VOL 2001-4
Scorecard on Regulatory Structure Reform: Part II
This is the second of a two-part report on the prospects for regulatory structure reform. My thesis is that modernization of the U.S. financial system will not be accomplished solely by the Gramm-Leach-Bliley Act of 1999 (the GLB Act). The GLB Act was intended to lower or eliminate barriers between or among the various financial services industries, but did not deal with the obvious fact that the combination of integrated financial markets and fragmented national regulation raises major public policy issues. To achieve truly effective modernization, I believe, as do most other observers, that additional legislation will be needed, addressing regulatory structure reform, deposit insurance reform and the lingering separation of banking and commerce. The most pressing need is for regulatory structure reform.

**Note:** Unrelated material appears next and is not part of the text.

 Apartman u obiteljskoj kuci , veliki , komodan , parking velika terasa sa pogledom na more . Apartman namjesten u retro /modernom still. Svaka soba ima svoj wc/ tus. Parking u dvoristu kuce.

Part I dealt with two particularly difficult regulatory structure issues: 1) the need to reduce the excessive number of different regulatory agencies for an emerging single financial services industry, and 2) the appropriate role for the central bank in the new scheme of things.
In some ways, the most surprising question was why there is apparently so little interest in regulatory structure reform in the United States. One of the factors that discourage such initiatives is the reluctance of the Federal Reserve, a formidable political force, to surrender its important role in banking supervision and regulation. Indeed, the central bank seems intent on expanding its regulatory power. In contrast, many other advanced nations – Britain perhaps being the most prominent and Germany the most recent – have moved decisively to restructure their regulatory systems and free their central banks from hands-on supervision of banks and other financial institutions. Another factor is seemingly little resistance to the proliferation of regulatory agencies. It may be hard to believe, but there is serious talk in industry and Congressional circles of creating a new federal agency to charter insurance companies (apparently while leaving state chartering agencies in place) and even to create a new federal corporation similar to the FDIC to protect the public in the event of insurance company failures. A third factor complicating any serious attention to regulatory structure reform is the "dual banking system," an arrangement unique to the United States that has a history of frustrating past efforts to simplify the fragmented U.S. banking structure. A key question is whether dual banking can play a constructive role in regulatory agency structure reform.
Section I of this report deals with the fragmented U.S. regulatory structure as it relates to the traditional dual banking system. Section II looks at what I believe to be an emerging dual system at the federal level. Section III examines deposit insurance reform from the perspective of regulatory structure in the new financial setting created by the GLB Act. And Section IV winds things up with a few summary comments.